### ACTION ITEM
Copy nothing past the line containing "Orthodox Incense Burner". Transcribe every line of the listing below up to and including it, from the first, except pictures.

### DATA
--------------------------------

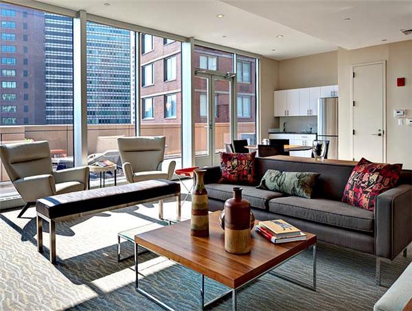 40 Gold Street is a modern boutique rental development in the heart of the Financial District with 56 units, comprising 40 two-bedrooms and 16 studio residences. Designed by Meltzer Mandl Architects, the apartments are beautifully laid out with high ceilings, red oak floors and floor-to-ceiling closets. All apartments feature modern solar shades for the oversized windows that allow for maximum privacy while allowing light to infuse throughout. All two-bedroom apartments benefit from split wings for optimal privacy. Kitchens are fitted with custom wood cabinetry with self-closing drawers, granite countertops with glass backsplashes, and include stainless steel appliances from such signature manufacturers as GE, LG, Samsung and Fisher Paykel appliances, plus dedicated ice-makers. The porcelain-tiled bathrooms also have many of the bells and whistles associated with luxury products, including Duravit and Toto toilets and Kohler sinks and hardware. SORRY, NO PETS ALLOWED.
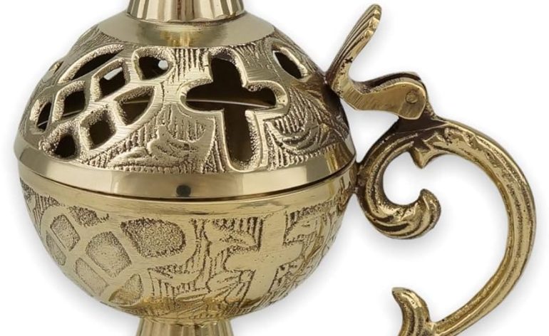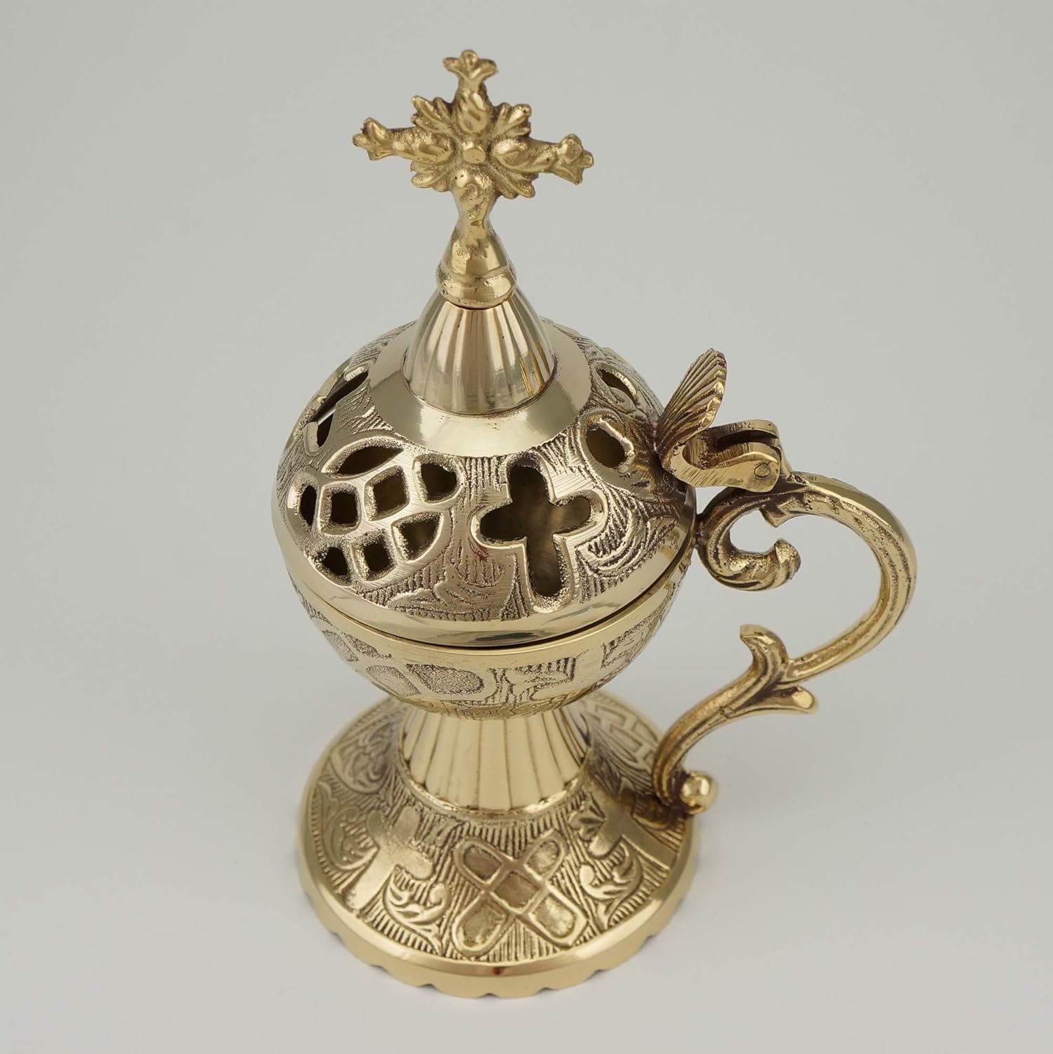 Orthodox Incense Burner – Ornate Christian Censer with Cross for Home or Church Use, 6.7 inch
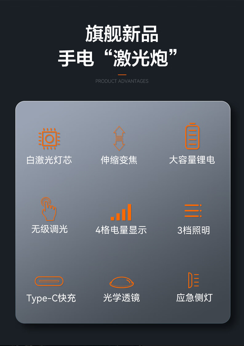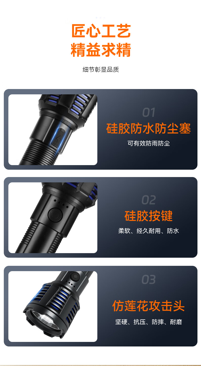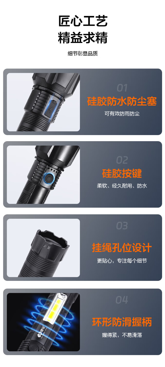 做工精致,大气,与时俱进,调节光圈方便。充电也十分方便,有多种功能,4个档位。充满电后使用起来照射效果非常好,亮度强劲!

--------------------------------

### WRITTEN SOLUTION
 40 Gold Street is a modern boutique rental development in the heart of the Financial District with 56 units, comprising 40 two-bedrooms and 16 studio residences. Designed by Meltzer Mandl Architects, the apartments are beautifully laid out with high ceilings, red oak floors and floor-to-ceiling closets. All apartments feature modern solar shades for the oversized windows that allow for maximum privacy while allowing light to infuse throughout. All two-bedroom apartments benefit from split wings for optimal privacy. Kitchens are fitted with custom wood cabinetry with self-closing drawers, granite countertops with glass backsplashes, and include stainless steel appliances from such signature manufacturers as GE, LG, Samsung and Fisher Paykel appliances, plus dedicated ice-makers. The porcelain-tiled bathrooms also have many of the bells and whistles associated with luxury products, including Duravit and Toto toilets and Kohler sinks and hardware. SORRY, NO PETS ALLOWED.
 Orthodox Incense Burner – Ornate Christian Censer with Cross for Home or Church Use, 6.7 inch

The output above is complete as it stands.